Es macht das Internet unfrei. Hinter den großen Messengern Whatsapp, Threema, Telegram und Signal sind allesamt keine deutschen Unternehmen. Einzig Wire hat einen Standort in Berlin. Die einzig wirksame Maßnahme zur Sanktionierung (“Sperrung”) der nicht-deutschen Dienste, wenn sie denn nicht kooperieren wollen, ist eine Sperrung z. B. der Threema-Server im deutschen Internet. Und dann, sagt ein Threema-Sprecher im SpOn-Artikel

, “würde sich das Land nahtlos in die Reihen totalitärer Staaten wie China oder Iran einreihen”. Ob man sich im Innenministerium dieser Konsequenzen bewusst ist?

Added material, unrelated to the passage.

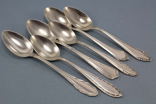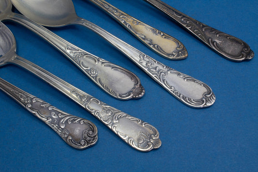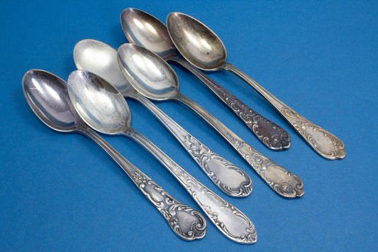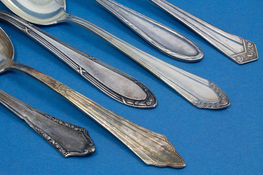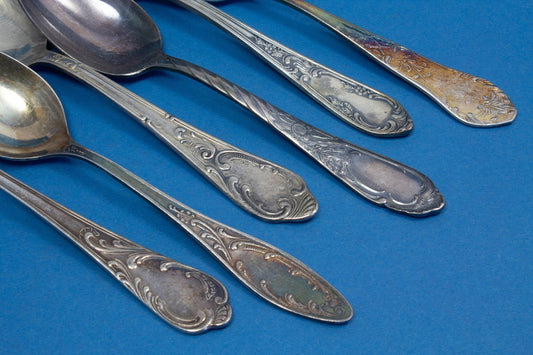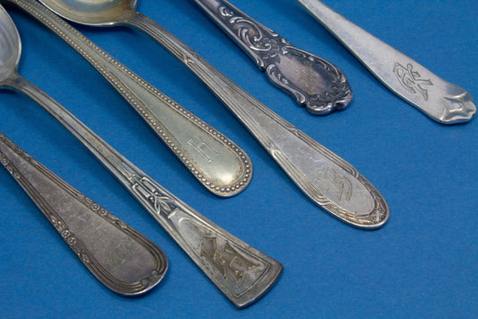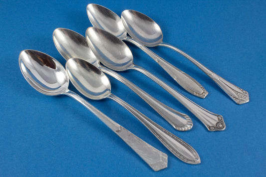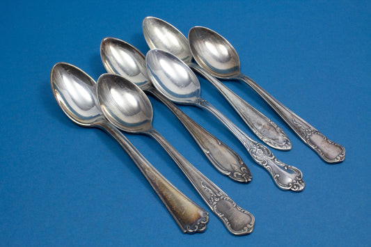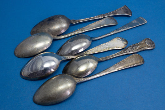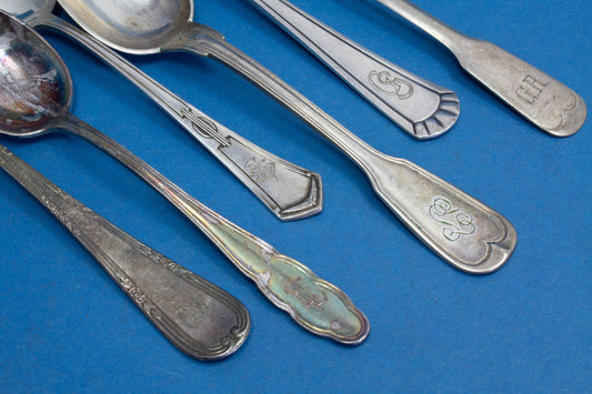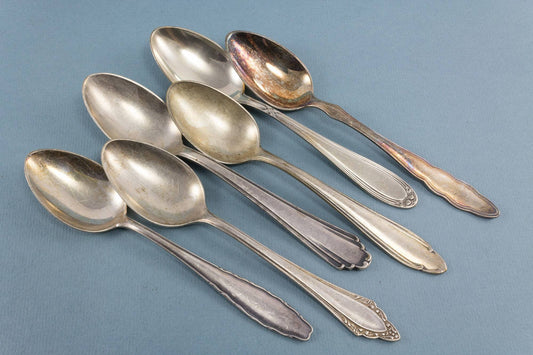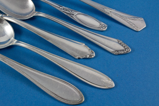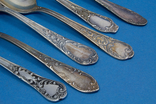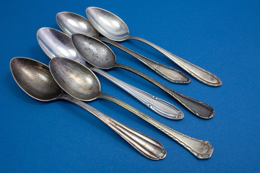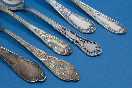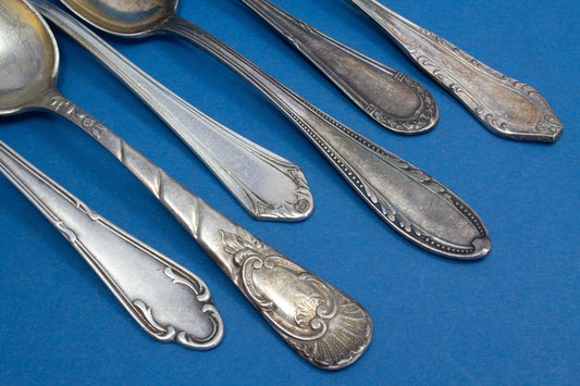 6 silver-plated teaspoons, mix and match, shabby chic, mismatched, vintage spoons

Es macht das Internet unsicher. Die z. B. in Threema, Wire, Signal und Whatsapp angewandte Ende-zu-Ende-Verschlüsselung, bei dem der Diensteanbieter selbst keine Entschlüsselungsmöglichkeit hat, wäre mit der vom Ministerium vorgeschlagenen Maßnahme am Ende. Künftig müssten alle Anbieter die Schlüssel zur Dekodierung der Nachrichten auf ihren Servern aufbewahren, um sie im Zweifelsfall zum Entschlüsseln der Kunden-Nachrichten zu verwenden. Doch wenn viele sensible Daten gebündelt an einem Ort liegen, ist ein Hackerangriff auf diesen Ort wohl nur eine Frage der Zeit. So wird der Begriff “Sicherheit”, mit dem die Maßnahme des Ministeriums wohl begründet werden soll, ad absurdum geführt.

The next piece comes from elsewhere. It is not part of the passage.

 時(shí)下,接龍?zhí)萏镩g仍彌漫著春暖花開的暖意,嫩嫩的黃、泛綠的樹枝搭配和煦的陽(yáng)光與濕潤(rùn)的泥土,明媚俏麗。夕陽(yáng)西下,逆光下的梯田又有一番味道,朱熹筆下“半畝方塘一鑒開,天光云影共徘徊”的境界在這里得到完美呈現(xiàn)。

Es vertieft die Gräben zwischen Netzeinwohnern und die Netzbesuchern. Als hätte man aus den europaweiten Protesten gegen die EU-Urheberrechtslinie nichts gelernt, wird mit dem Ministeriumsvorschlag gesetzlich in etwas eingegriffen, das viele Menschen als ihren Lebensraum ansehen und dementsprechend beschützen: Das Internet. Es ist wirklich dumm, solche Planungen an die Öffentlichkeit zu lassen, ohne vorher das Gespräch mit der Netzcommunity zu suchen und die möglichweise vorhandenen Argumente in Ruhe zu erklären.
Bei Artikel 11 und 13 war die politische Kommunikation katastrophal (und die Zuhörbereitschaft der Protestler sehr beschränkt); jetzt wiederholt sich zumindest ersteres. Ich hoffe inständig, dass es dieses Mal anders läuft und die ersten Twitterkommentare nicht repräsentativ für die Argumentationslinie sind.
(Wobei: Damals hatte sich der Hashtag #niemehrcdu etabliert; heute stehen wir zwei Tage vor der Europawahl, und CDU und CSU stehen vier Tage nach dem Rezo-Video digitalpolitisch nicht sonderlich souverän da. Ob der Zeitpunkt für die Verkündung der Messenger-Verfügung da so optimal gewählt ist?)

Das Vorhaben ist noch in der Planungsphase. Die Innenminster der Länder werden nächsten Monat über den Vorschlag aus Berlin beraten – und ihn möglicherweise zu Fall bringen. Gründe dafür gibt es zuhauf.